Input data Block Start
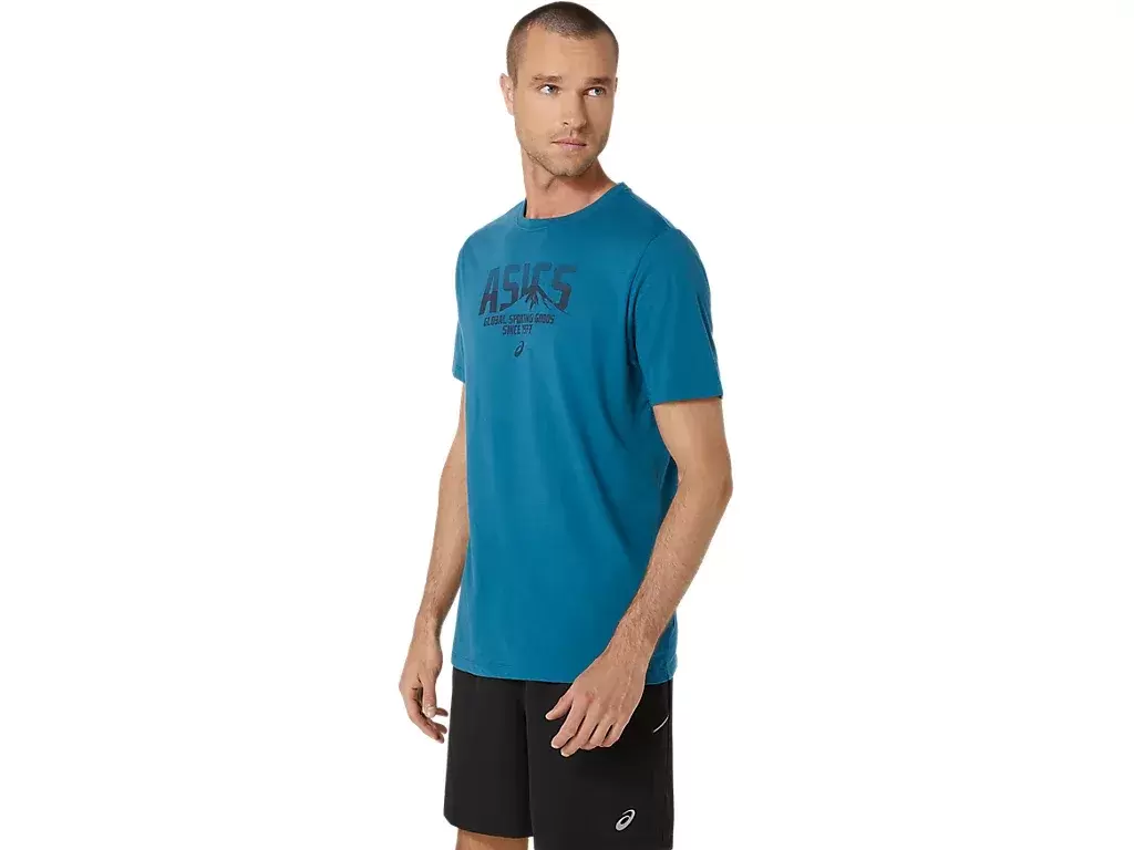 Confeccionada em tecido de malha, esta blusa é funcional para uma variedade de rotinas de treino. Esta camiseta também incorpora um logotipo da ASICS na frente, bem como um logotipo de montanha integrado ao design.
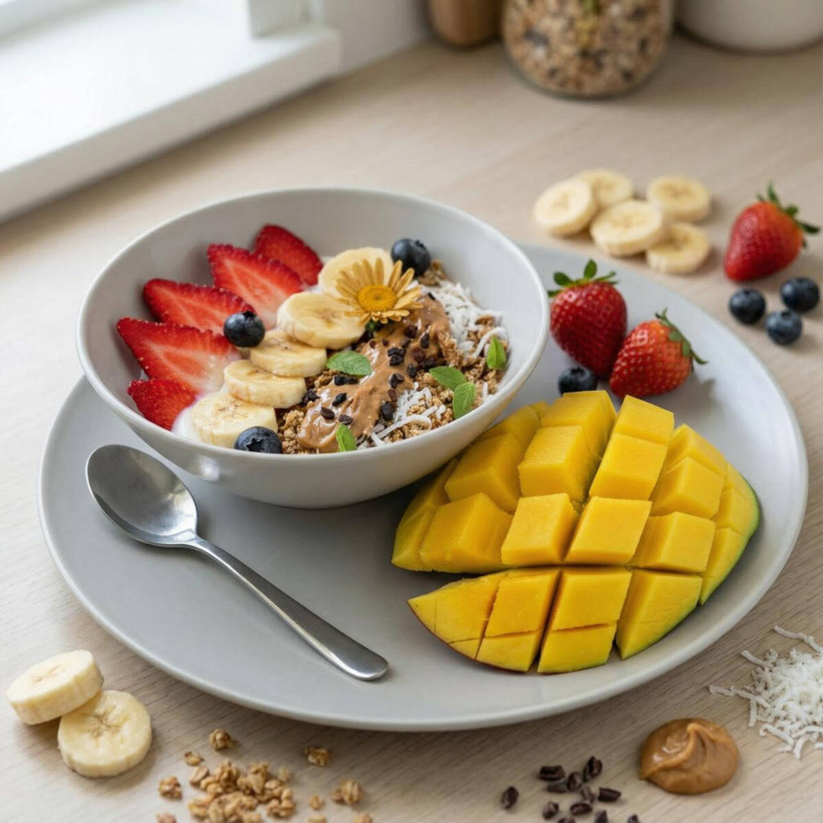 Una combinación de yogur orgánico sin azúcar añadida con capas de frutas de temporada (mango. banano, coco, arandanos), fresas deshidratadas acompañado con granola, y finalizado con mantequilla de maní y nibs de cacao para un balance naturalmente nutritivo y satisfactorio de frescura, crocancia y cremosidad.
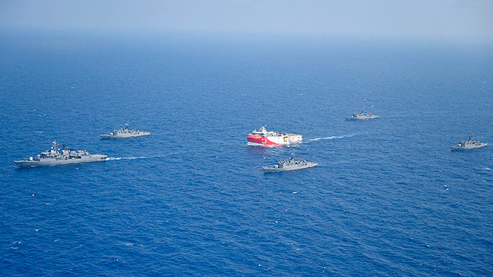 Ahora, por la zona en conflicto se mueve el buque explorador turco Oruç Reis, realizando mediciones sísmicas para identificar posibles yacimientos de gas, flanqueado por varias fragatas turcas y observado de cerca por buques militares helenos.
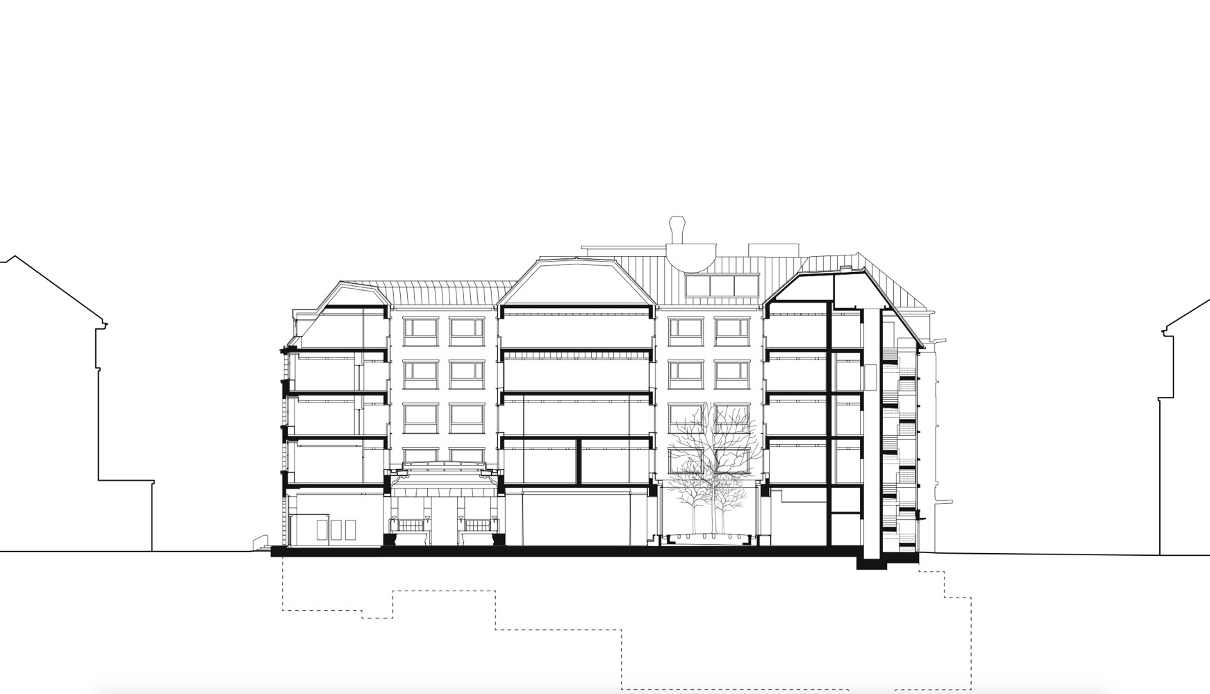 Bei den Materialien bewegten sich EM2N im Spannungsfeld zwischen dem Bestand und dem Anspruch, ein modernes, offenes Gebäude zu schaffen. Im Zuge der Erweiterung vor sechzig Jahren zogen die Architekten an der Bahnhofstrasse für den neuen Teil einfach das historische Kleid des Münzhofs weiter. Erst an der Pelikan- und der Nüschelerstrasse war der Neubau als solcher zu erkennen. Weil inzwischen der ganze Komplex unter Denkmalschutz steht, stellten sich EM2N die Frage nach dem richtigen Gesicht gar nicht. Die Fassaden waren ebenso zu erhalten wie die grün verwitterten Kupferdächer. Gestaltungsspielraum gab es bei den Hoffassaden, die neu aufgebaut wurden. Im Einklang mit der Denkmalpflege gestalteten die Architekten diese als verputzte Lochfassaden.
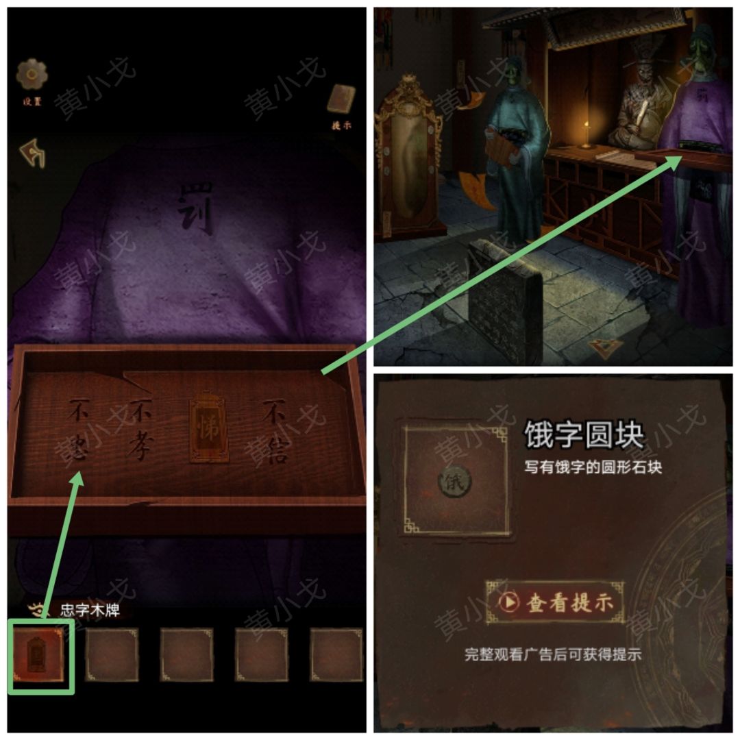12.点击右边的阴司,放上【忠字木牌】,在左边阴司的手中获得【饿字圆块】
Input data Block End
Input data Block Start
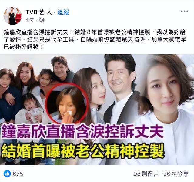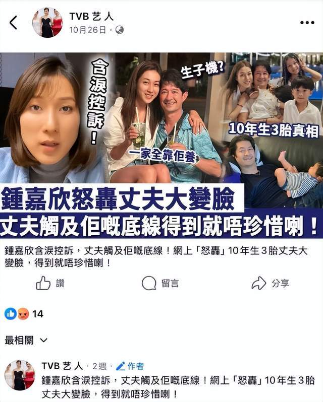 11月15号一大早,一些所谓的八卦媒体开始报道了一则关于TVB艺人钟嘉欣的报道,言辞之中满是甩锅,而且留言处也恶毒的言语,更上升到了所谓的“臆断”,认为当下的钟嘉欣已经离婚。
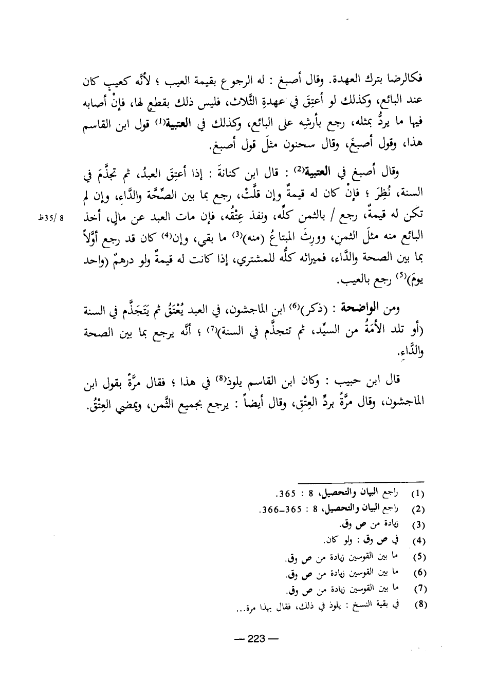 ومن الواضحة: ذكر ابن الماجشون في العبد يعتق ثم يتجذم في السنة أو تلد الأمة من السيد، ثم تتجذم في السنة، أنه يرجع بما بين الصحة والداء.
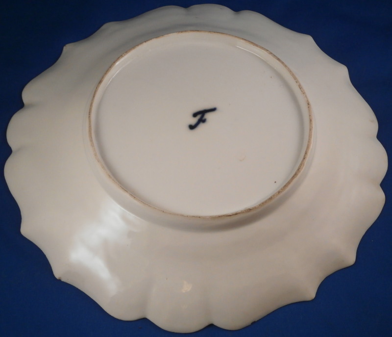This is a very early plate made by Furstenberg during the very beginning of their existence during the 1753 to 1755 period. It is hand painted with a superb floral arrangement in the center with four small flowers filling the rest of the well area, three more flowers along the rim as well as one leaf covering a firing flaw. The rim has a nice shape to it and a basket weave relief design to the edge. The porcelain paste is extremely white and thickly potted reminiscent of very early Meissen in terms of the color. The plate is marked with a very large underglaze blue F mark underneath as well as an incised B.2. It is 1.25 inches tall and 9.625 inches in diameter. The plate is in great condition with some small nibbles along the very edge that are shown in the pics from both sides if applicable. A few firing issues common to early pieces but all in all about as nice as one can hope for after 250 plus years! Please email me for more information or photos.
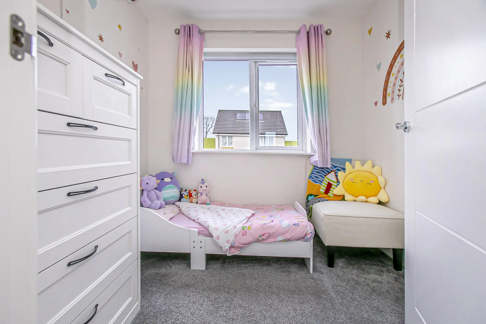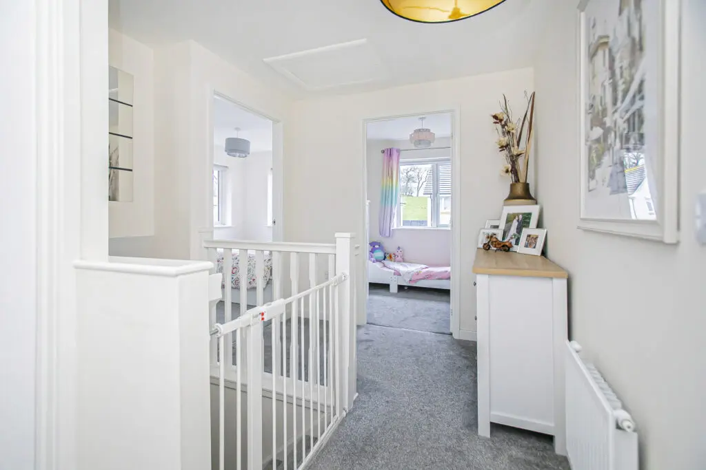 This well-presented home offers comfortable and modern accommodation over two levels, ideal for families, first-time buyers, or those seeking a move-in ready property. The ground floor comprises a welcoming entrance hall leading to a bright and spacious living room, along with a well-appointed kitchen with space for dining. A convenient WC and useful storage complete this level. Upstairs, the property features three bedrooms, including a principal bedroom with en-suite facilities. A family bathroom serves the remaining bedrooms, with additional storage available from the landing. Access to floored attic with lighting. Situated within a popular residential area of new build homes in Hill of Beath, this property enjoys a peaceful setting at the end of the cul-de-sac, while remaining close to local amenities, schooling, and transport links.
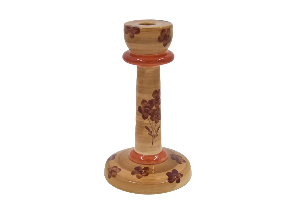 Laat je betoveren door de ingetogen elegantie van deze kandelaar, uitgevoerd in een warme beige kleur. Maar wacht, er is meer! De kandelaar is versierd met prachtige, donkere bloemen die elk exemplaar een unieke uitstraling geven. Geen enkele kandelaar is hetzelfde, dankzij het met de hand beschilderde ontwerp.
Input data Block End
The expected output is the lines above from the one containing "Confeccionada em tecido" to the one containing "12.点击右边的阴司,放上【忠字木牌】,在左边阴司的手中获得【饿字圆块】", both ends included, reproduced exactly with every picture left out.

■ Completed task ■
 Confeccionada em tecido de malha, esta blusa é funcional para uma variedade de rotinas de treino. Esta camiseta também incorpora um logotipo da ASICS na frente, bem como um logotipo de montanha integrado ao design.
 Una combinación de yogur orgánico sin azúcar añadida con capas de frutas de temporada (mango. banano, coco, arandanos), fresas deshidratadas acompañado con granola, y finalizado con mantequilla de maní y nibs de cacao para un balance naturalmente nutritivo y satisfactorio de frescura, crocancia y cremosidad.
 Ahora, por la zona en conflicto se mueve el buque explorador turco Oruç Reis, realizando mediciones sísmicas para identificar posibles yacimientos de gas, flanqueado por varias fragatas turcas y observado de cerca por buques militares helenos.
 Bei den Materialien bewegten sich EM2N im Spannungsfeld zwischen dem Bestand und dem Anspruch, ein modernes, offenes Gebäude zu schaffen. Im Zuge der Erweiterung vor sechzig Jahren zogen die Architekten an der Bahnhofstrasse für den neuen Teil einfach das historische Kleid des Münzhofs weiter. Erst an der Pelikan- und der Nüschelerstrasse war der Neubau als solcher zu erkennen. Weil inzwischen der ganze Komplex unter Denkmalschutz steht, stellten sich EM2N die Frage nach dem richtigen Gesicht gar nicht. Die Fassaden waren ebenso zu erhalten wie die grün verwitterten Kupferdächer. Gestaltungsspielraum gab es bei den Hoffassaden, die neu aufgebaut wurden. Im Einklang mit der Denkmalpflege gestalteten die Architekten diese als verputzte Lochfassaden.
12.点击右边的阴司,放上【忠字木牌】,在左边阴司的手中获得【饿字圆块】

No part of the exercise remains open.